ORIGAMIドリッパーのレシピ、基本の使い方

 基本的には形状の近い、ハリオV60の基本レシピを引用すればいい。

  1. ペーパーフィルターをセットし、杯数分のコーヒー粉(中細挽き)を入れる。1杯120mlあたり、コーヒー粉10〜20gが目安。
  2. 沸騰したお湯を火からおろし、お湯が静まるのを待つ。
  3. コーヒー粉の中心から粉全体が湿る程度に、お湯をゆっくりと注ぎ、30秒蒸らす。
  4. 中心よりうず巻き状にお湯を注ぐ。

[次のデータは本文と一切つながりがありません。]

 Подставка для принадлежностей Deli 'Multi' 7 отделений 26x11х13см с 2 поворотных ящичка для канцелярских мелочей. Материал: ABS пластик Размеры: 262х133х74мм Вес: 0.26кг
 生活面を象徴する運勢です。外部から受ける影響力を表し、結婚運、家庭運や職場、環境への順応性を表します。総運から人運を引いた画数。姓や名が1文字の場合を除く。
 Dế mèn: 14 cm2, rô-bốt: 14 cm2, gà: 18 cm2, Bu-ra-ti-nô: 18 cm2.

抽出時間は杯数にかかわらず3分以内とする。
ORIGAMI ドリッパー
コーヒー粉をセットしたら、平らに整えよう。
ORIGAMI ドリッパー
1投目を注ぎ、30秒蒸らす。
ORIGAMI ドリッパー
中心にお湯を注ぎ、3分以内に抽出を終える。

 レシピに関しては、僕が解説するよりプロの動画がいいだろう。ここではドトールコーヒーの「おいしいコーヒーの淹れ方 ハリオ編」をご紹介したい。

 今ではすっかり缶コーヒーを買わなくなってしまった。

 なぜって、挽き立てのコーヒー豆から自分で入れるコーヒーのうまさを知ってしまったからだ。

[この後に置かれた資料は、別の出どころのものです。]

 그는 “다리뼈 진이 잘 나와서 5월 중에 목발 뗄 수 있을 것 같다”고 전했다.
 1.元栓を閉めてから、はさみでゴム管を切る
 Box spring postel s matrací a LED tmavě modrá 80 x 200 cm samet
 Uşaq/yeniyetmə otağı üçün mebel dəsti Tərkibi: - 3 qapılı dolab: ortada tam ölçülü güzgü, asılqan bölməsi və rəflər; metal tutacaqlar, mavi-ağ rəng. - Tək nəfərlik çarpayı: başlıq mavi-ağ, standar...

 実はORIGAMI ドリッパーは僕のじゃなく妻の愛用品なのだが、このドリッパーのおかげでコーヒーの面白さに出会ったといってもいい。味を自由にコントロールできる機能美あふれる意匠に、手元に置いておきたくなる美しいデザイン。これだけでも買わない理由はないだろう。

 2021年6月現在、品薄状態が続いているが、見つけた人はぜひ手に入れてほしい。